[Work item] Every line from the one bearing "产品摘要:网咖桌椅定制尺寸,LOGO墙,右边是带灯光效果" through the last line of the records below is to be output exactly, and no other line; leave out the pictures.

Source data Block Start

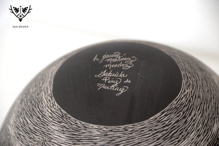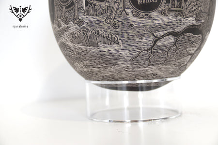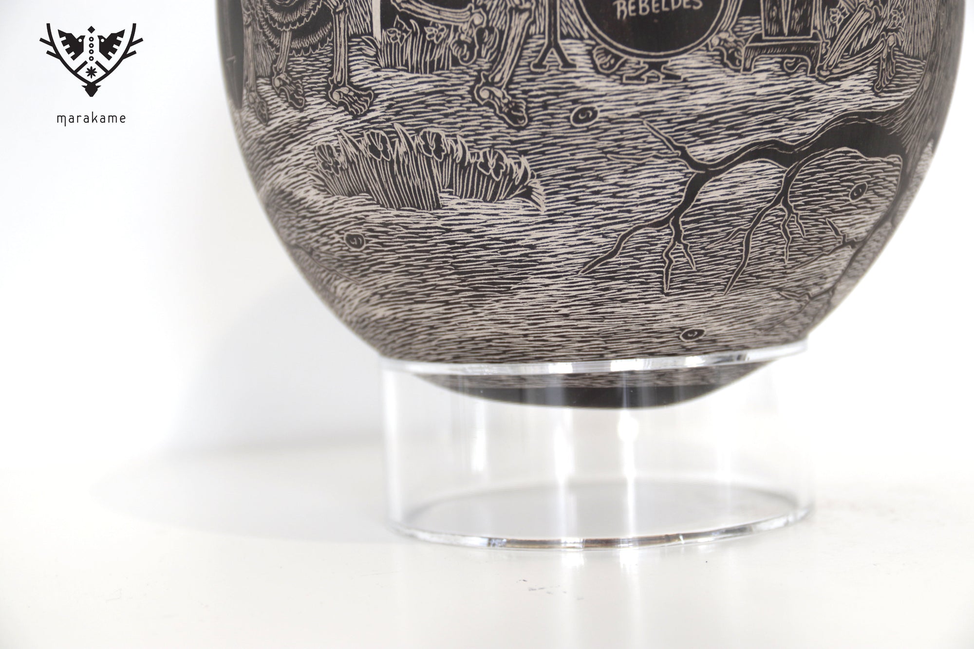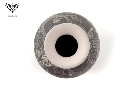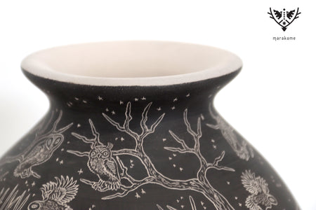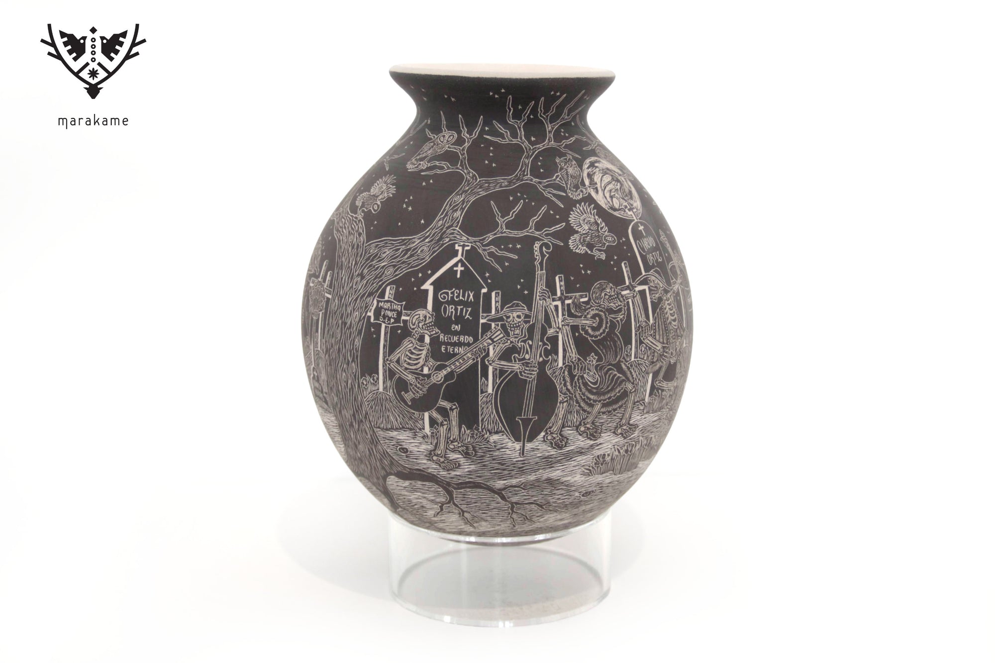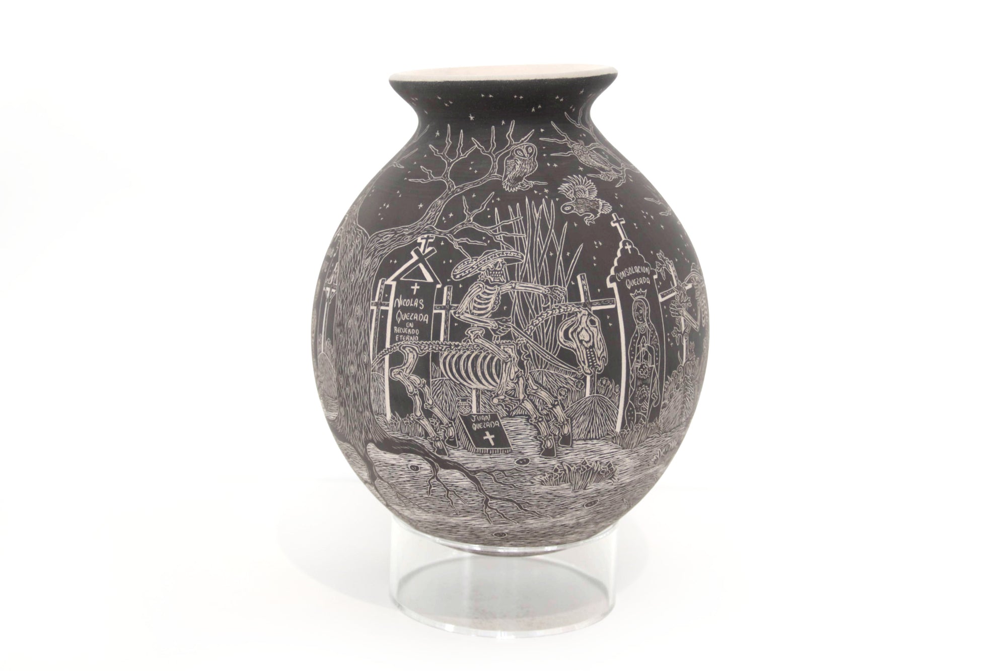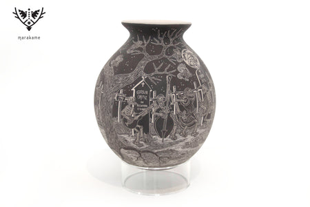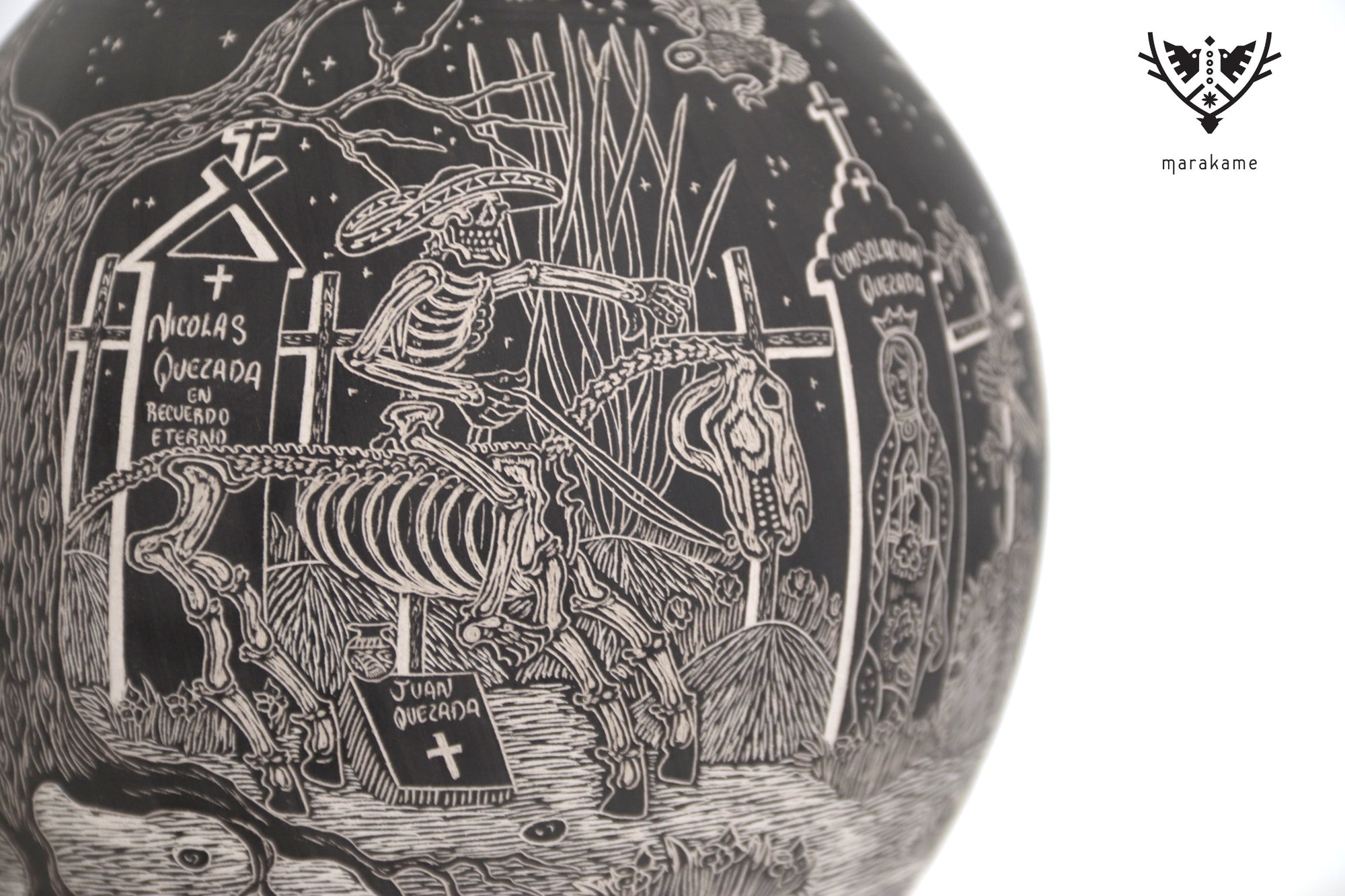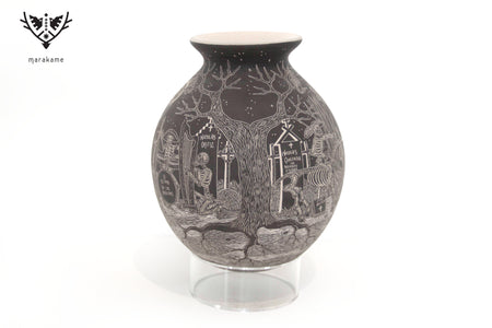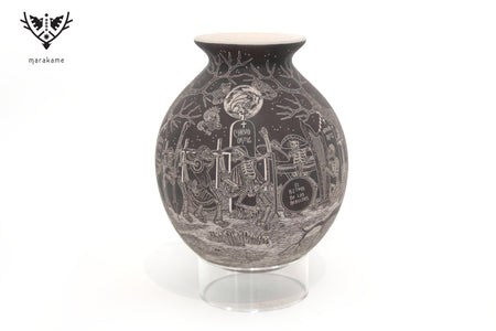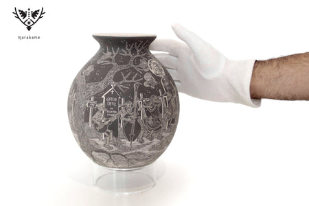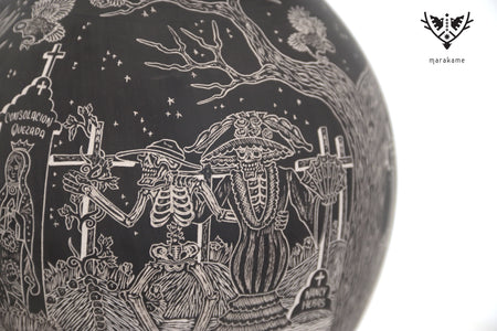 Cada trazo grabado sobre la superficie cerámica ha sido ejecutado con una precisión extraordinaria, logrando un nivel de detalle que envuelve por completo la pieza y transforma su volumen en un lienzo narrativo continuo. La escena fluye sin interrupción, guiando la mirada a través de un paisaje nocturno donde la muerte no es ausencia, sino presencia activa, movimiento y memoria.
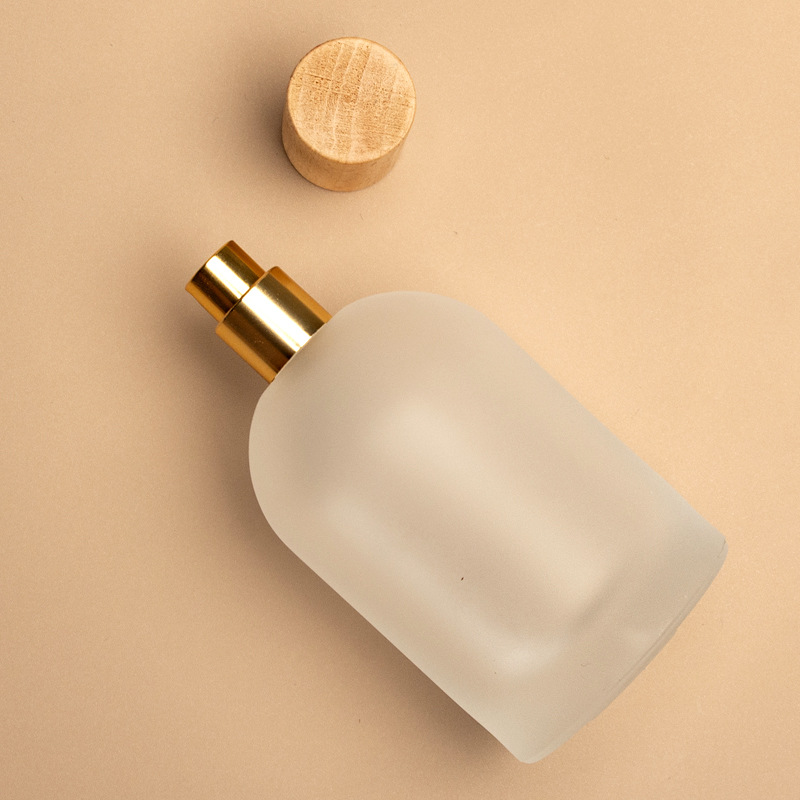 This 100ml frosted glass bottle features a bamboo or beechwood lid for a refined look. The push-to-dispense fine mist spray creates a delicate mist that's perfect for dispensing perfume or hydrating to the skin. It's both practical and refined.
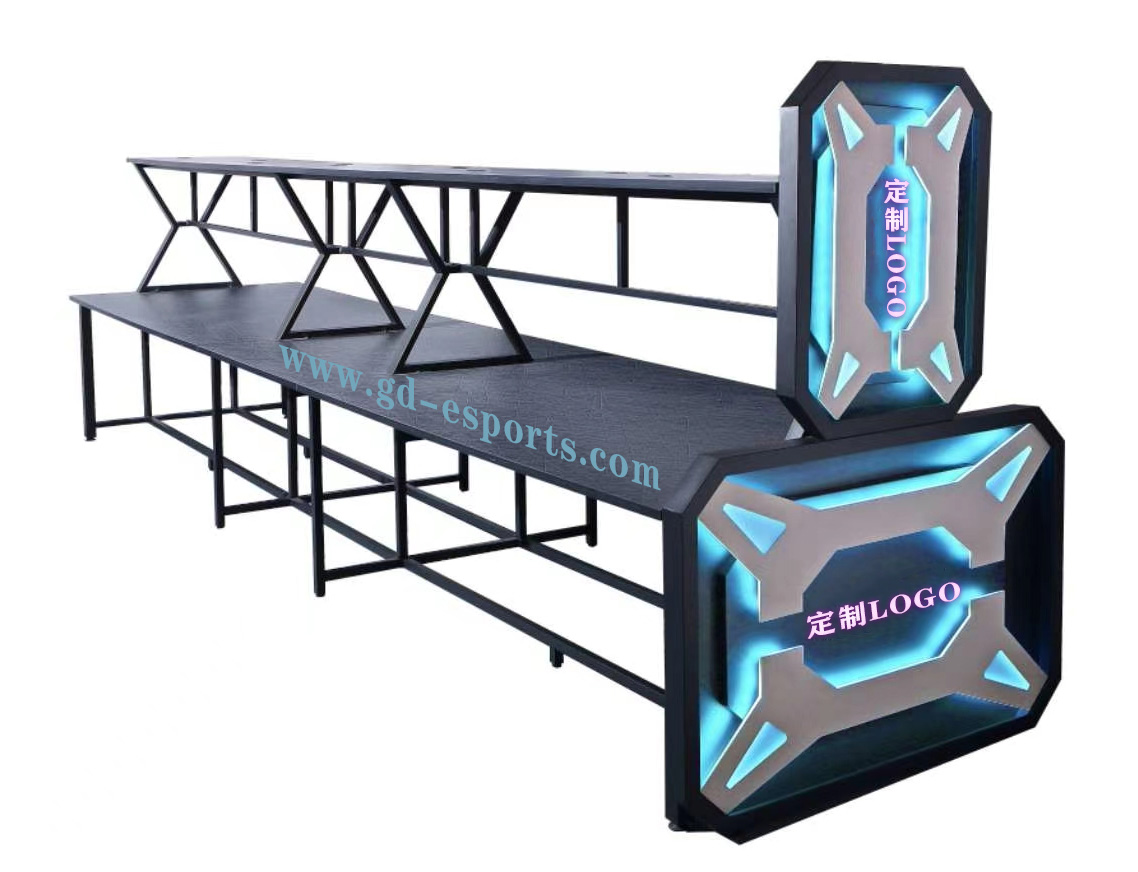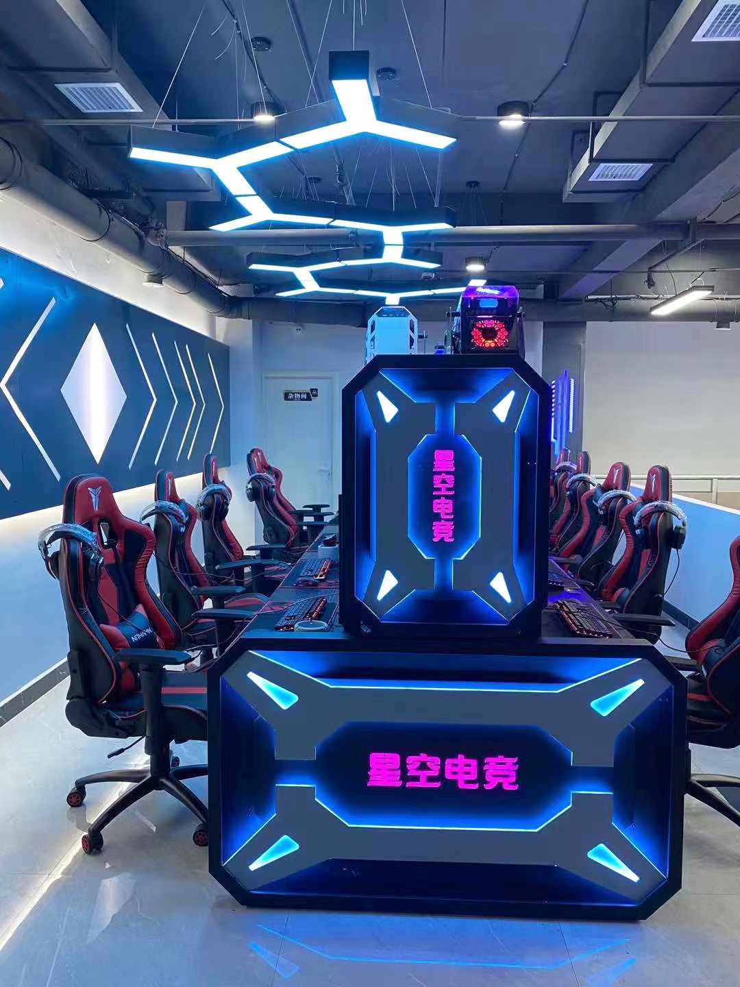 产品摘要:网咖桌椅定制尺寸,LOGO墙,右边是带灯光效果的封头,一排网咖桌只需要一个或者两个封头即可。 此款网咖桌采用机箱放在上面。...
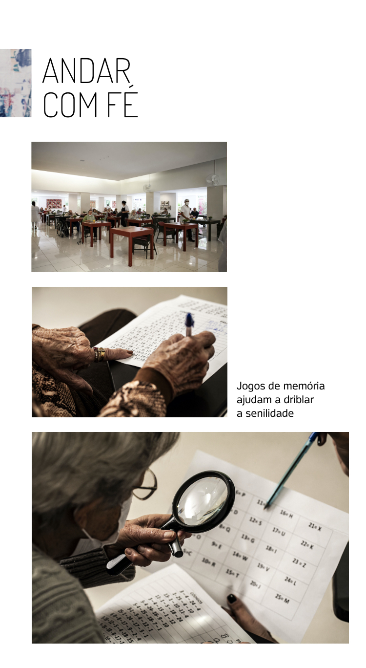 Sentadas em duas fileiras de cadeiras, diante do retroprojetor conduzido por uma psicóloga, as sete velhinhas tinham de acertar, de memória, quais letras e números formavam um par, depois de observar uma tabela projetada no painel. Parece que gabaritavam. Em seguida, a psicóloga propôs o mesmo exercício com formas geométricas e, depois, palavras:
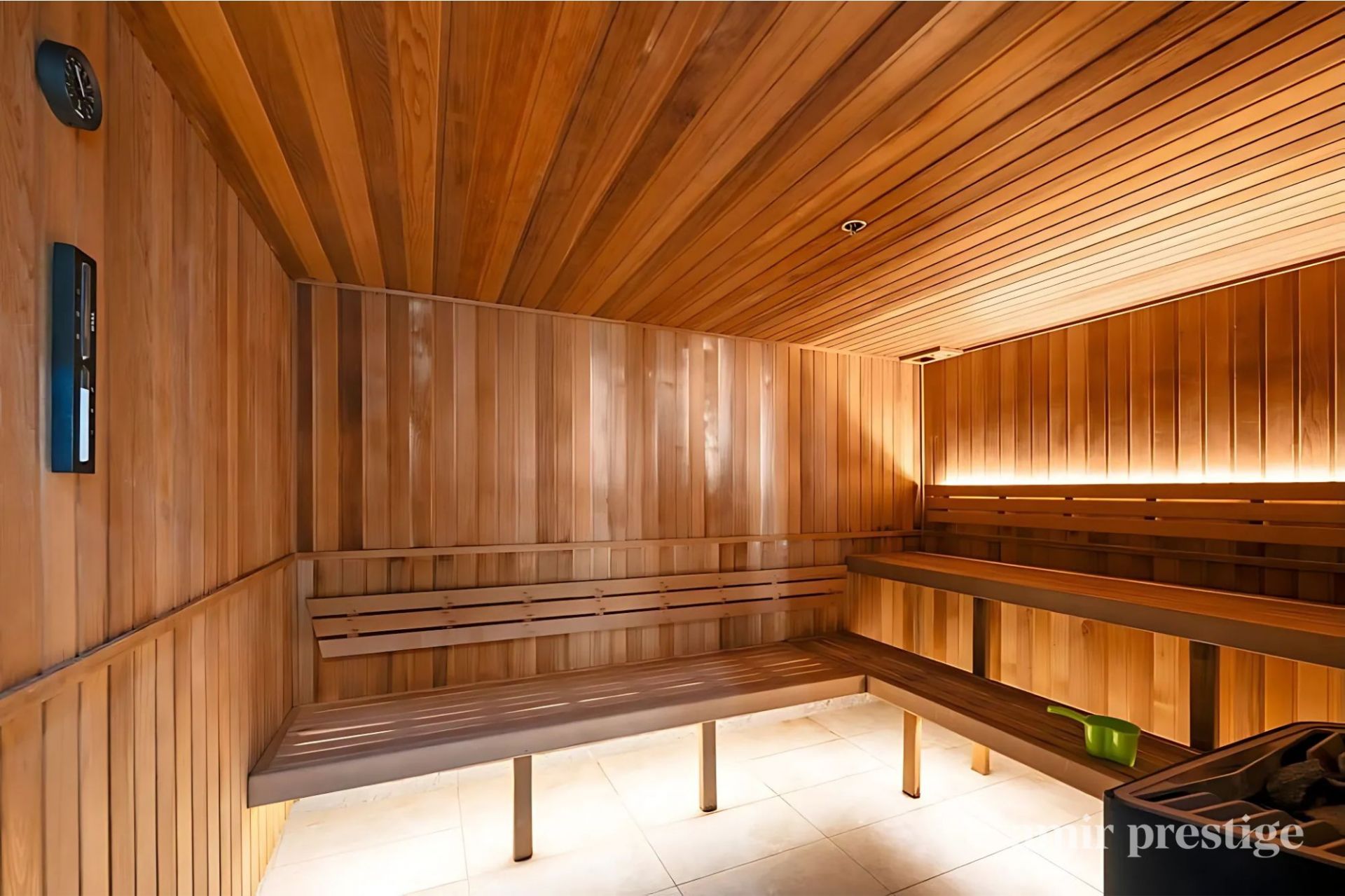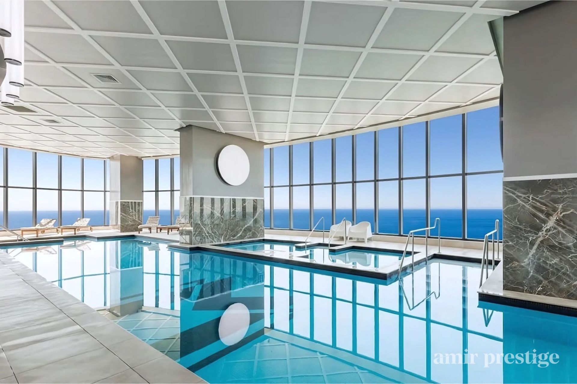 Level 33: Indoor heated pool, gym, sauna, and spa with spectacular views
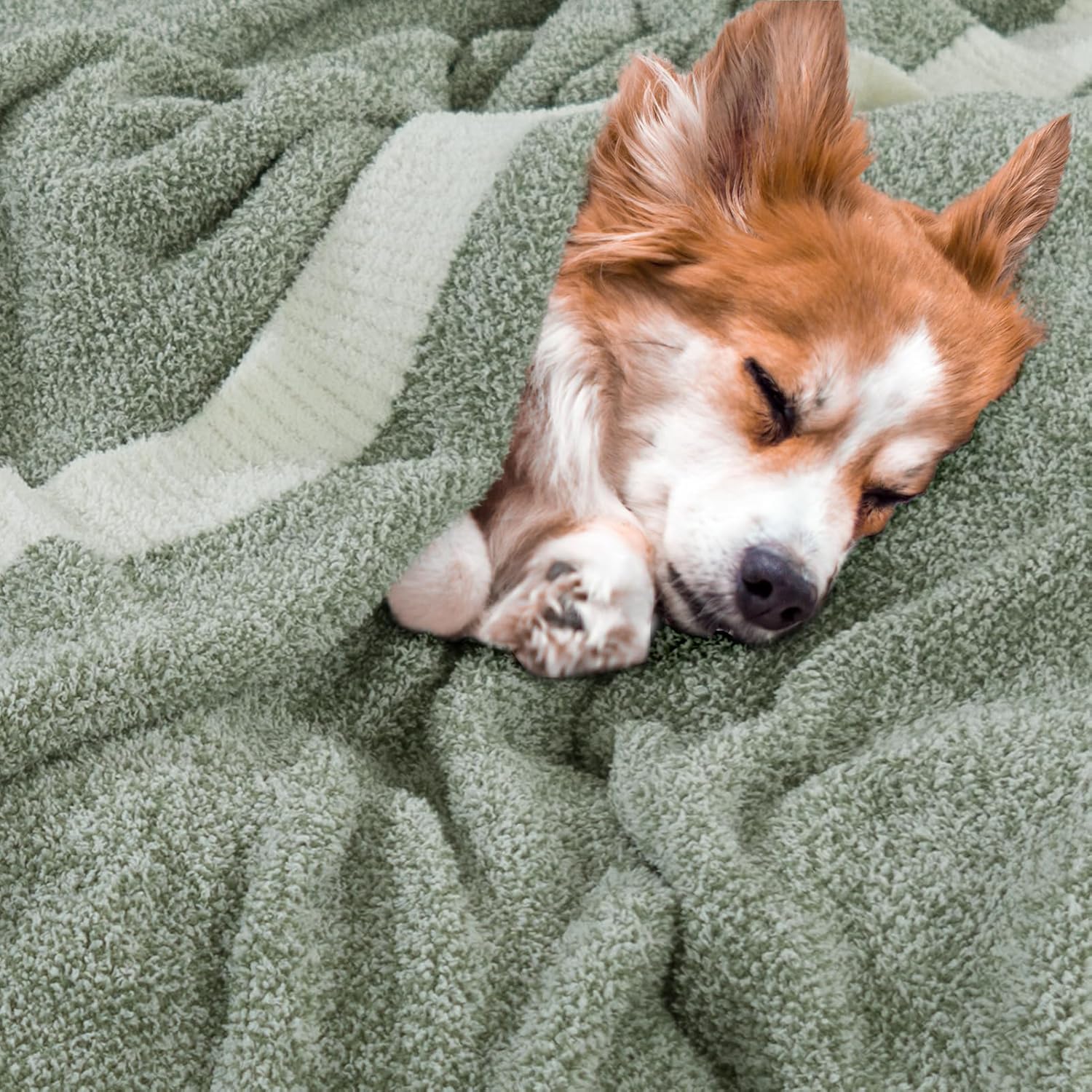 NEXHOME PRO Super Soft Throw Blankets for Couch, Reversible Warm Blankets Cozy Knit Blanket for Women, Fuzzy Plush Lightweight Throws for Sofa, Bed, Picnic, Sage Green White, 50 x 60 inches

Source data Block End

[Solution to the problem]
 产品摘要:网咖桌椅定制尺寸,LOGO墙,右边是带灯光效果的封头,一排网咖桌只需要一个或者两个封头即可。 此款网咖桌采用机箱放在上面。...
 Sentadas em duas fileiras de cadeiras, diante do retroprojetor conduzido por uma psicóloga, as sete velhinhas tinham de acertar, de memória, quais letras e números formavam um par, depois de observar uma tabela projetada no painel. Parece que gabaritavam. Em seguida, a psicóloga propôs o mesmo exercício com formas geométricas e, depois, palavras:
 Level 33: Indoor heated pool, gym, sauna, and spa with spectacular views
 NEXHOME PRO Super Soft Throw Blankets for Couch, Reversible Warm Blankets Cozy Knit Blanket for Women, Fuzzy Plush Lightweight Throws for Sofa, Bed, Picnic, Sage Green White, 50 x 60 inches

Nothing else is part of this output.